2 Responses to “Making News”

  1. Nomi August 12, 2010 at 8:13 pm #

    Thank you Kayhan….I am also finding Greg Mortensen’s Stones into Schools very inspiring….(if she reads, she leads)….

    As historial Will Durnat notes in his Story of Civilization that it takes centuries to create a civilization, and only a generation to destroy it. It took France a thousand years to grow from Clovis to Montaigne; it took England 800 years from Alfred to Shakespeare. But it took the Mongols only a decade to destroy the high civilization of medieval Baghdad…

    We all have to do our own unique bit for peace and progress as we are all in it together….Universal education is the key. Keeping faith in human goodness alive….Daniel Goleman, in his book Social Intelligence (pp. 61-62), has this to say about human nature: “The argument has long been made that we humans are by nature compassionate and empathic despite the occasional streak of meanness, but torrents of bad news throughout history have contradicted that claim, and little sound science has backed it. But try this thought experiment. Imagine the number of opportunities people around the world today might have to commit an antisocial act, from rape or murder to simple rudeness and dishonesty. Make that number the bottom of a fraction. Now for the top value you put the number of such antisocial acts that will actually occur today. That ratio of potential to enacted meanness holds at close to zero any day of the year.

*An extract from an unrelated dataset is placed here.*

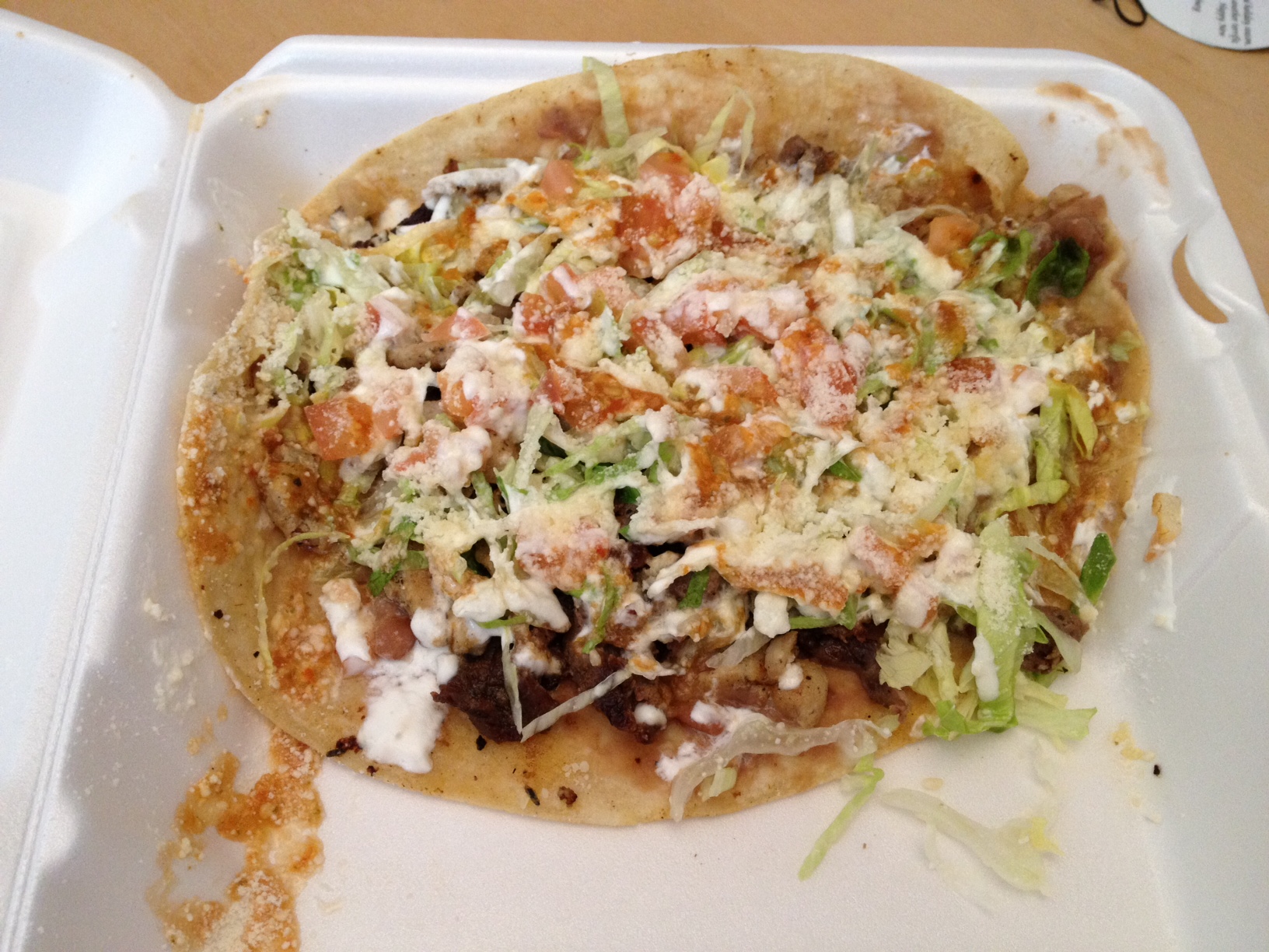 The monster size of the huarache struck me immediately. It wasn’t thicker around the edge, like pizza crust (I have no idea if that is traditional or not, but it is my preference.) On top of the corn base was a layer of refried beans, the two meats, shredded lettuce, tomatoes, powdered cheese, sour cream in a squeeze bottle and hot sauce. The only thing I would have added was a couple lime wedges on the side. At essentially the same price of 3 tacos, I think it has to be a better deal. And since I didn’t and couldn’t finish it in one sitting, I can tell you it still tasted great at the end of the day after sitting on my desk a couple hours.

And if for the top value you put the number of benevolent acts performed in a given day, the ratio of kindness to cruelty will always be positive. (The news, however, comes to us as though that ratio was reversed.)

    Harvard’s Jerome Kagan proposes this mental exercise to make a simple point about human nature: the sum total of goodness vastly outweighs that of meanness. “Although humans inherit a biological bias that permits them to feel anger, jealousy, selfishness and envy, and to be rude, aggressive or violent,” Kagan notes, “they inherit an even stronger biological bias for kindness, compassion, cooperation, love and nurture – especially toward those in need.” This inbuilt ethical sense, he adds, “is a biological feature of our species.”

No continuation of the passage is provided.